| WHAT NEEDS TO BE DONE |
In the records below, repeat word for word only the lines starting at the one that contains "Al ser membre" and ending at the one that contains "Rajshree 50 Lottery 7:30pm Result 29.08.2025", pictures excluded.

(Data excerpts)
==========
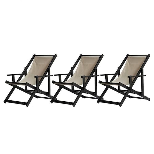 Kit 3 Espreguiçadeiras Dobrável Black Cb-bege
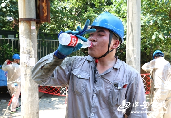 经过20多分钟的紧张抢修,故障排除,从发生故障到恢复送电,过去了仅仅50分钟。随着楼宇间空调启动的声音不断响起,一户户居民家中又恢复了清凉与舒适,而登杆作业的陈兴与程龙飞早已满脸通红,下杆回来,拿下安全帽,湿透的头发紧贴额头,衣服紧紧吸在身上。接过热心居民递来的矿泉水,两人像比赛一样,一口气灌了下去。
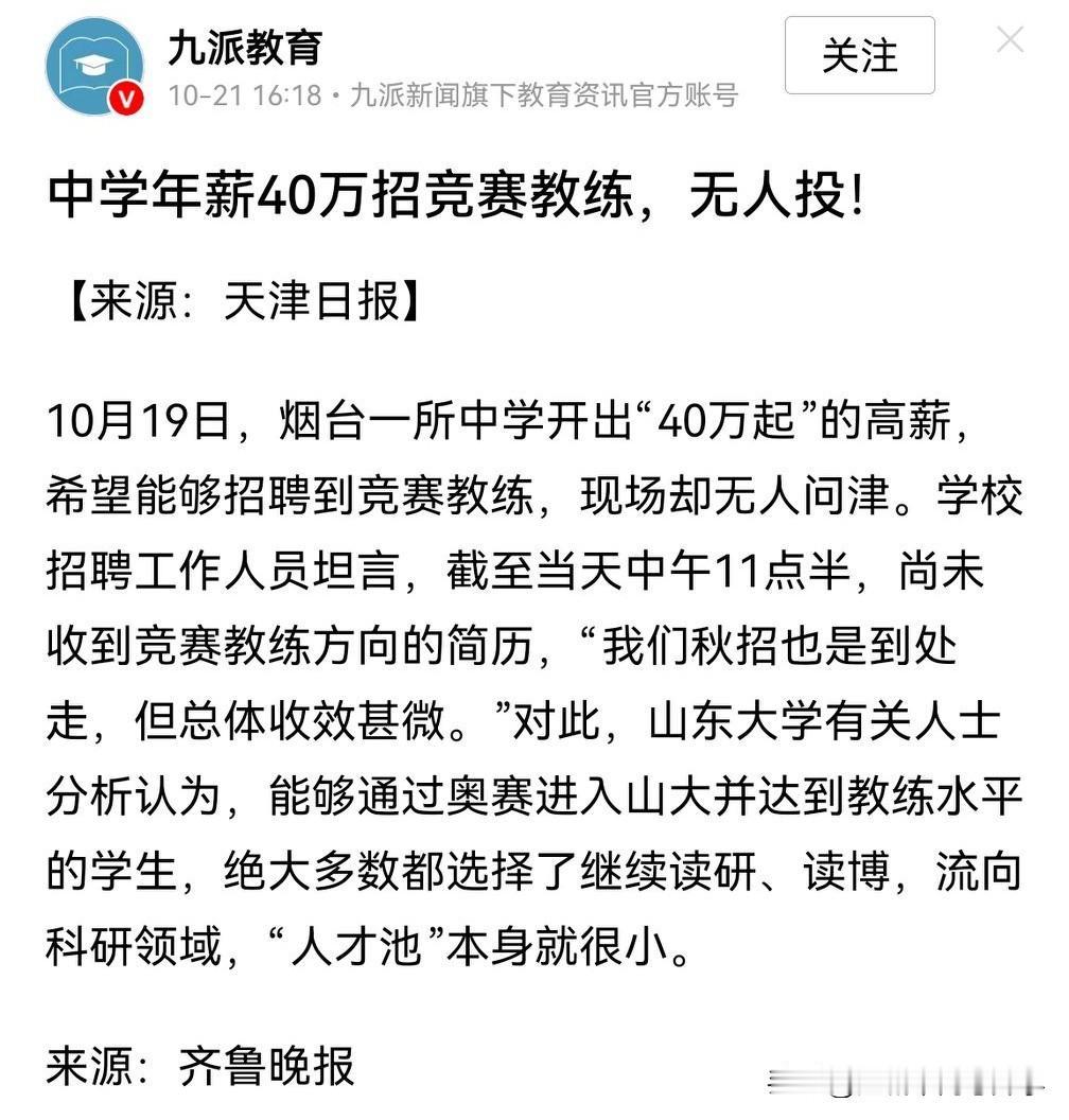 烟台一中学招聘竞赛教练40万年薪无人问津 如今竞赛教练属于高薪职业, 而且各省
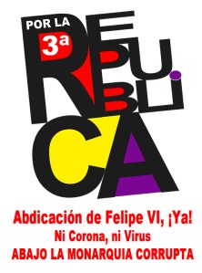 Os llamamos a todos, hombres, mujeres, jóvenes, a las clases trabajadoras y populares a que, incluso en la complicada situación producida por la cuarentena sanitaria, lo manifestéis (en esta ocasión) desde vuestras casas, balcones, ventanas…, colocando banderas republicanas, poniendo el Himno de Riego, cantando música popular republicana, divulgando por las redes la República, enviando los mensajes con el hashtag #14AbrilRepúblicaYA, pidiendo a nuestros ayuntamientos que coloquen la bandera republicana en el balcón, en definitiva, dándole a la semana del 13 al 19 de abril, que hemos llamado “Semana por la III República. Ni Corona ni virus”, todo el protagonismo a las reivindicaciones populares y la consecución de la anhelada III República que nos traiga más democracia, justicia e igualdad y eche al basurero de la Historia a la monarquía.
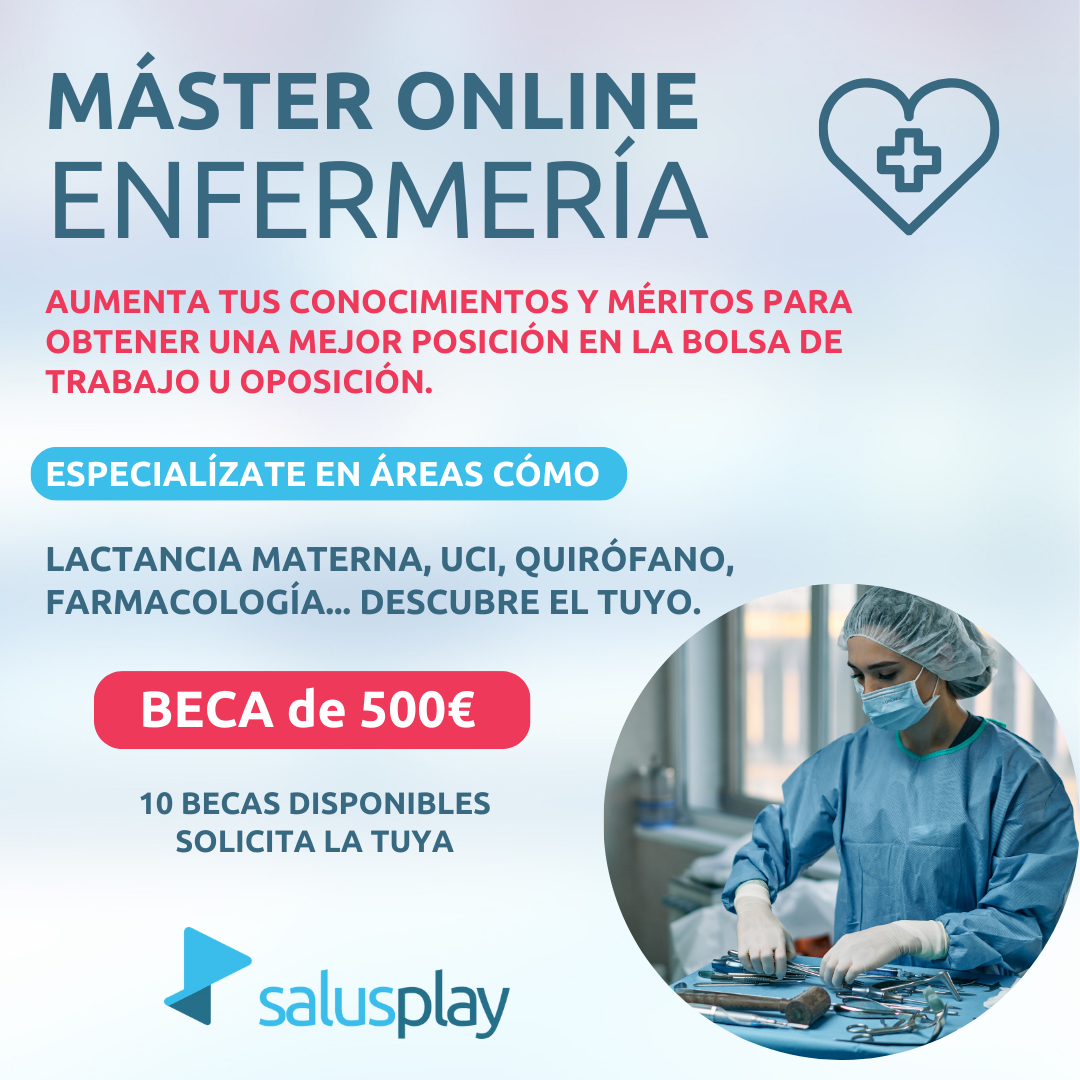 Al ser membre del Col·legi Oficial d’Infermeria de Tarragona, pots reservar una de les 10 beques disponibles de 500€ per realitzar un dels Màsters Online de SalusPlay que comencen el dia 1 de Març:
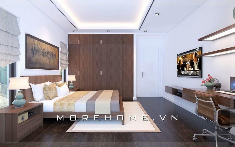 . Mẫu thiết kế nội thất phòng ngủ chung cư hiện đại và tinh tế, bao gồm tủ quần áo kịch trần, kệ ti vi treo tường, được coi là lựa chọn hoàn hảo cho gia chủ trong không gian này.
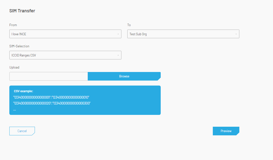 If there are any sub-organizations, the "Organization" tab also offers the possibility to transfer SIMs from the master organization and vice versa. A direct transfer from sub- to sub-organization is not possible. The transfer of SIMs can also be done using the 1NCE API. Customers can transfer just one single SIM, a range of SIMs, or several ranges of SIMs. Here are some helpful tips for transferring several ranges:
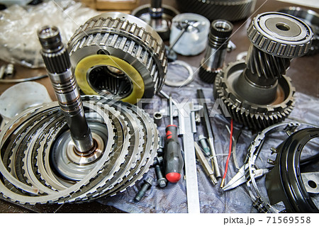 Car automatic transmission parts at shallow depth of field
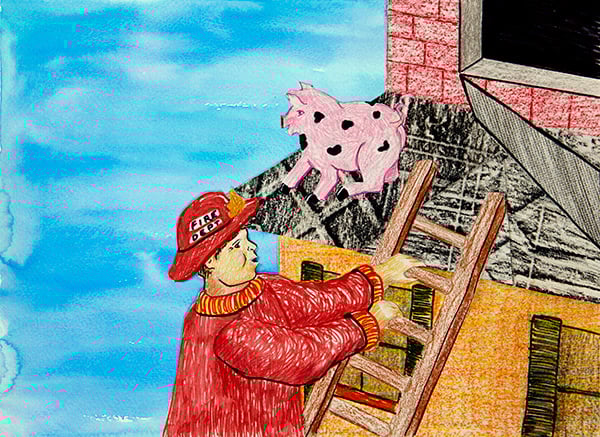 Creative writing meets artful illustrations as students write a fanciful story and convey it in a drawing.
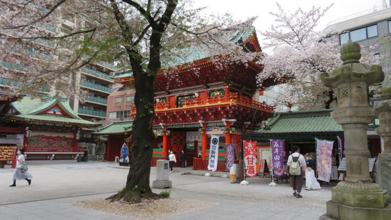 神田明神是位于东京千代田区外神田的一座神社。根据神社的传说,该神社的起源可追溯到奈良时代(730-784 年),当时出云后裔牧田富(Makandaomi)将大河内御神(Ohonamuchi no Mikoto)奉为祖先神。战国时期,该神社受到太田独孤及北条宇治纲等著名军阀的慷慨保护。到了江户时代(1603-1867 年),该神社成为德川幕府修建的江户城正门的守护神。此后,「,它作为江户」的总守护神,不仅受到幕府将军的崇拜,也受到江户一般民众的崇拜。每隔一年五月中旬举行的「神田祭」是「江户三大祭祀活动之一」。由于花车(dashi)要进入江户城接受幕府将军的检阅,因此有时也被称为「Tentakusai」。神社院内种植了许多樱花树,通常在三月底至四月初开花,向游客预示着春天的到来。
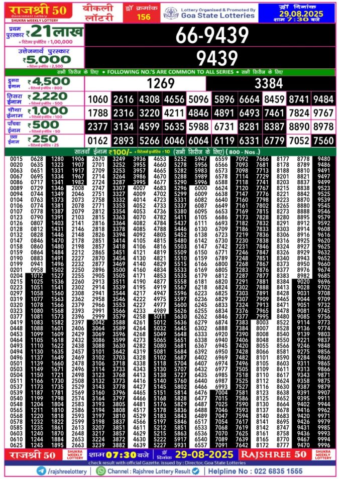 Rajshree 50 Lottery 7:30pm Result 29.08.2025
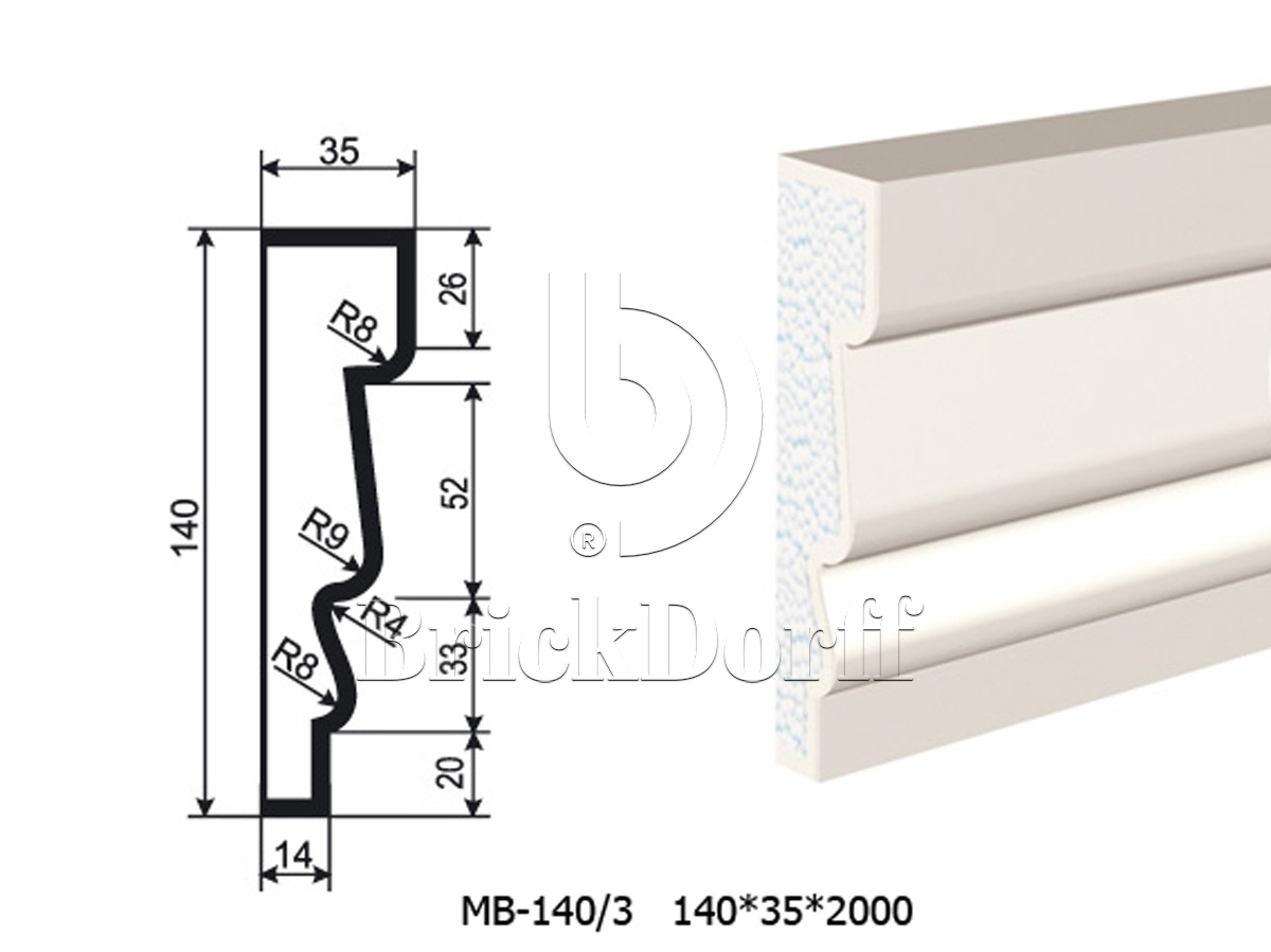 Молдинг для фасада - лепнина, декор из пенополистирола МВ-140/3 (МС-119) 140*35*2000 мм
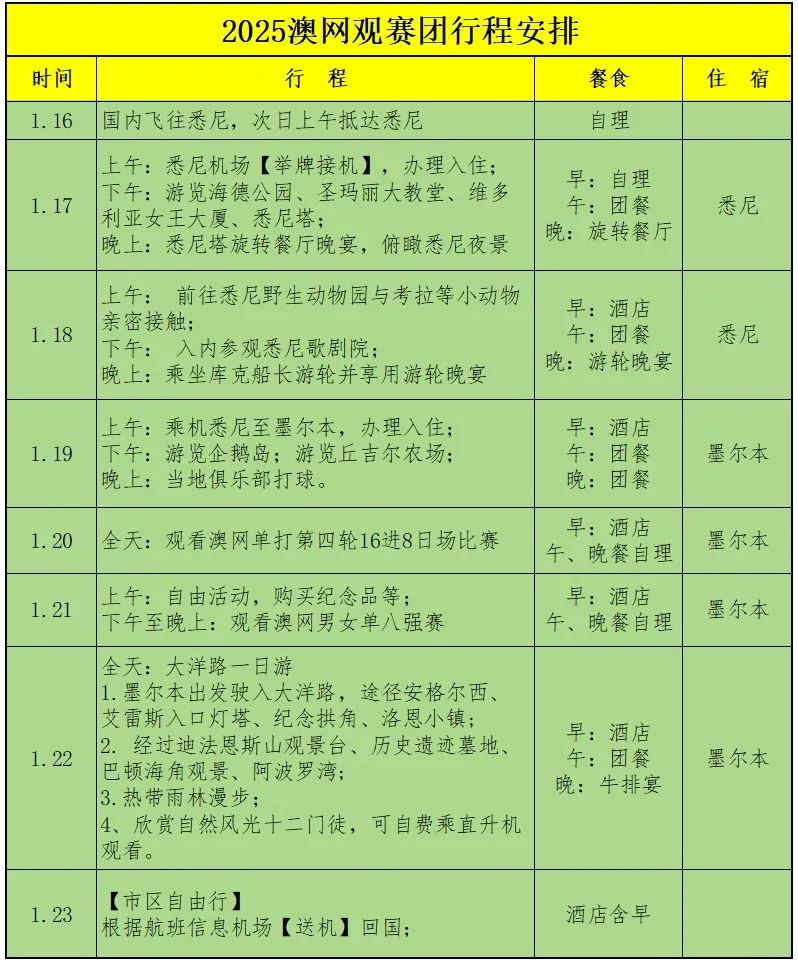 ![]() 2025年澳网 注定会是场内场外都值得关注的一年 德约科维奇牵手穆雷 塞尔维亚人目标直指澳网11冠王 更想以25座大满贯成为史上第一人 ![]() 郑钦文去年赢得澳网亚军 奥运冠军、总决赛亚军等一些骄人战绩 今年再赴墨尔本公园 即便面前屹立着多座高山 但她的眼里只有冠军 ![]() 阿尔卡拉斯 如能在罗德拉沃尔称王 将成为史上最年轻的男单全满贯 ![]() 辛纳 尽管有禁药风波 仍有一个辉煌无比的2024 2025年第一个目标就是澳网卫冕 ![]() 2025年1月12日-26日 澳网盛宴 网球迷的节日 ![]() 由华弘国旅和“PRO网球”共同策划的2025澳网观赛团 开启报名! 跟着我们一起 从中网走向大满贯 ![]() ![]() ···观赛团介绍··· ![]() ![]() 悉尼塔 ![]() 悉尼歌剧院 我们的旅程将从悉尼开始,这里的阳光和海滩是世界上最美丽的风光之一,从悉尼歌剧院到悉尼港大桥,处处都彰显着这座城市的迷人风采。除了美景,还有美食,悉尼塔旋转餐厅和库克船长游轮上享用当地特色大餐,满足味蕾,慰藉心灵。 ![]() 网球之城墨尔本 第二站是墨尔本,作为澳网的主场,这里处处洋溢着网球的热情,整个城市在澳网期间宛如一场宏大的网球派对。我们将组织球友在当地俱乐部打球,体验当地浓郁的网球文化。 ![]() 当然,最重要的是澳网观赛,那将是我们此行的核心。在罗德-拉沃尔这座见证无数传奇的网球圣殿,现场见证世界顶尖选手们的激烈角逐。 ![]() 近距离看企鹅归巢 观赛之余,企鹅岛看企鹅,丘吉尔农场体验农庄文化,游览大洋路观赏自然风光十二门徒,也是墨尔本之行必不可少的一环。 Let's go 行程安排 ![]() * 第一天,1月16日 * 第一天,1月16日 各地出发,乘坐国际航班飞往悉尼 ![]() * 第二天,1月17日 * 第二天,1月17日 上午:抵达悉尼,办理入住 下午:游览海德公园、圣玛丽大教堂、维多利亚女王大厦、悉尼塔 晚上:悉尼塔旋转餐厅自助晚餐 ![]() 圣玛利亚大教堂 ![]() 悉尼塔自助晚宴 ![]() 悉尼塔自助晚宴 * 第三天,1月18日 * 上午:游览悉尼野生动物园,与考拉等小动物亲密接触 下午:参观悉尼歌剧院、海港大桥 晚上:乘坐库克船长游轮并享用游轮晚宴 ![]() 与考拉亲密接触 ![]() 乘坐库克船长游轮 ![]() 享用游轮晚宴 ![]() 美味丰盛的晚宴 第四天,1月19日 第四天,1月19日 抵达墨尔本 上午:乘坐澳大利亚国内航班前往墨尔本 下午:游览企鹅岛;前往丘吉尔农场体验农庄文化 晚上:当地俱乐部打球 ![]() 抵达墨尔本 ![]() 游览企鹅岛 看小企鹅归巢 ![]() 丘吉尔农庄 第五天,1月20日 第五天,1月20日 11点起全天观看澳网日场比赛 ![]() 网球圣殿罗德拉沃尔球场 ![]() 罗德拉沃尔球场 第六天,1月21日 第六天,1月21日 上午:当地俱乐部打球,与当地球友交流 下午至晚上:观看澳网男单、女单八强赛 ![]() 霞光洒落罗德拉沃尔 ![]() 罗德拉沃尔夜场美如画 ![]() 库扬俱乐部以球会友 第七天,1月22日 第七天,1月22日 全天:游览大洋路,观赏自然风光十二门徒,迪法恩斯山观景台、历史遗迹墓地、巴顿海角等景观 ![]() 自然风光十二门徒 ![]() 最美海岸线 第八天,1月23日 第八天,1月23日 上午:自由活动及购物 下午:乘国际航班回国 ![]() 市区休闲时光 ![]() 结束完美旅程 ···行程亮点··· 1、观赛澳网日场和夜场,感受大满贯氛围 2、打卡库扬网球俱乐部等知名球场 3、游览澳洲风景名胜 感受异国文化 4、品尝当地特色美食 5、六晚四星级酒店住宿 ···行程安排··· ![]() ![]() 报名详情 价格:26900元/人 (团队及11岁以下小朋友报名有优惠,另议) 报名截止日期:2024年12月25日 行程时间:2025年1月16日-23日 费用包含: 1. 行程所列六晚酒店双人房; 2. 全程包餐(20日和21日澳网观赛,午、晚餐需自理); 3. 全程当地专业中文司机、导游服务; 4. 行程内司导服务小费、导服、住宿费; 5. 一张澳网夜场三类球票,一张日场二类球票; 6. 当地网球俱乐部打球费用; 7. 境外保险费用; 8. 所有标明参观景点的首道大门票; 9. 当地旅游行程所含的交通费用。 费用不含: 1. 首末段航班费用以及其中所产生的一切费用(如中途餐食、住宿、税费、转机费用及在澳洲境内因航班延误产生的各种费用); 2. 护照、签证相关费用,如未成年人公正,公正相关费用; 3. 除了上文所列,其余不含正餐; 4. 出入境行李的海关税、搬运费、报关费和超重(件)行李托运费; 5. 一切私人费用(如酒店酒水、洗衣、上网、通讯的等费用); 6. 单房差300澳币/人/晚(指酒店普通单人房差); 7. 司导超时游加班费用,司导游每天正常工作时间为09:00-19:00 8. 因个人滞留产生的一切费用; 9. 以上报价中未提及的一切费用。 报名截止日期: 报名联系:白老师 13651141698 识别下方二维码添加微信咨询详情 ![]() 因共同的热爱相聚 为美妙的旅程添彩 今年十一黄金周 我们组织的中网观赛团 吸引全国20多个省市及多位海外华人 共计100多位球友亲临现场观赛 并打卡京城多处地标性俱乐部 ![]() 2025年 我们的球友观赛团 从墨尔本开始 期待你的加入 |
==========
| RESULT BELOW |
 Al ser membre del Col·legi Oficial d’Infermeria de Tarragona, pots reservar una de les 10 beques disponibles de 500€ per realitzar un dels Màsters Online de SalusPlay que comencen el dia 1 de Març:
 . Mẫu thiết kế nội thất phòng ngủ chung cư hiện đại và tinh tế, bao gồm tủ quần áo kịch trần, kệ ti vi treo tường, được coi là lựa chọn hoàn hảo cho gia chủ trong không gian này.
 If there are any sub-organizations, the "Organization" tab also offers the possibility to transfer SIMs from the master organization and vice versa. A direct transfer from sub- to sub-organization is not possible. The transfer of SIMs can also be done using the 1NCE API. Customers can transfer just one single SIM, a range of SIMs, or several ranges of SIMs. Here are some helpful tips for transferring several ranges:
 Car automatic transmission parts at shallow depth of field
 Creative writing meets artful illustrations as students write a fanciful story and convey it in a drawing.
 神田明神是位于东京千代田区外神田的一座神社。根据神社的传说,该神社的起源可追溯到奈良时代(730-784 年),当时出云后裔牧田富(Makandaomi)将大河内御神(Ohonamuchi no Mikoto)奉为祖先神。战国时期,该神社受到太田独孤及北条宇治纲等著名军阀的慷慨保护。到了江户时代(1603-1867 年),该神社成为德川幕府修建的江户城正门的守护神。此后,「,它作为江户」的总守护神,不仅受到幕府将军的崇拜,也受到江户一般民众的崇拜。每隔一年五月中旬举行的「神田祭」是「江户三大祭祀活动之一」。由于花车(dashi)要进入江户城接受幕府将军的检阅,因此有时也被称为「Tentakusai」。神社院内种植了许多樱花树,通常在三月底至四月初开花,向游客预示着春天的到来。
 Rajshree 50 Lottery 7:30pm Result 29.08.2025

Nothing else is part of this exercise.